How can I solve $\frac{wy'(x)}{y'^2(x)+1}=kx$?

Question

I stumbled upon this differential equation while thinking of a physics problem.

$$\frac{wy'(x)}{y'^2(x)+1}=kx$$

I found two solutions using wolframalpha.

And when I plot it, the result is magically accurate (according to my intuition). So, I know it's right.

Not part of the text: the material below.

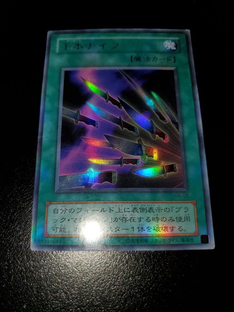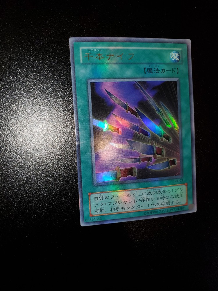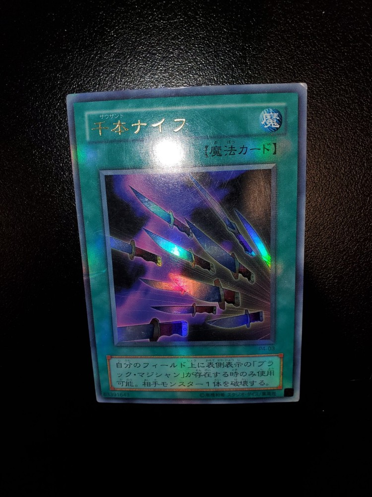Yugioh 2001 Thousand Knives P4-03 Full Holo Bleed 🩸 Japanese OCG Moderate Play Will ship safely & securely through eBay envelope tracking. Penny sleeve inside toploader wrapped in an antiweather and antislip team bag. As a long time seller on eBay, I want every order placed with me to arrive timely and safely. You are entrusting me with your hard earned money and I will not only meet, but surpass your trusted expectations. Feel free to message me for further pictures or questions.
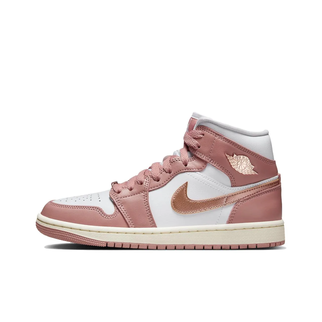 For the Jordan 1 Mid Se Red Stardust Women's shoes, check the synthetic leather for quality and consistency. Authentic pairs will have a smooth texture and vibrant pink color. The stitching should be even, and the overall design should reflect the official style.

My question is, how can I learn to solve this particular differential equation? Is there a procedural approach to arrive at this solution or does solving it mean plugging in the guess and fiddling with the free parameters to arrive at one particular solution?

Answer 1

Note that \begin{align} \frac{w y'}{(y')^2 + 1} &= kx \\ kx (y')^2 - wy' +kx &= 0 \\ y' &= \frac{w\pm \sqrt{w^2 - 4(kx)^2}}{2kx} \end{align} Therefore we just need to integrate both sides to get the answer.

Answer 2

WLOG, $w=1$ (absorb it in $k$).

If $y'=\tan t$, then

$$\frac{y'}{y'^2+1}=\sin t\cos t=\frac{\sin 2t}2=\frac{\sin(2\arctan y')}2.$$

From this we draw

$$y'=\tan\frac{\arcsin2kx}2,$$ which you can integrate.

The trick is to turn into a form $y'=f(x)$ (as user113988 did, in an easier way).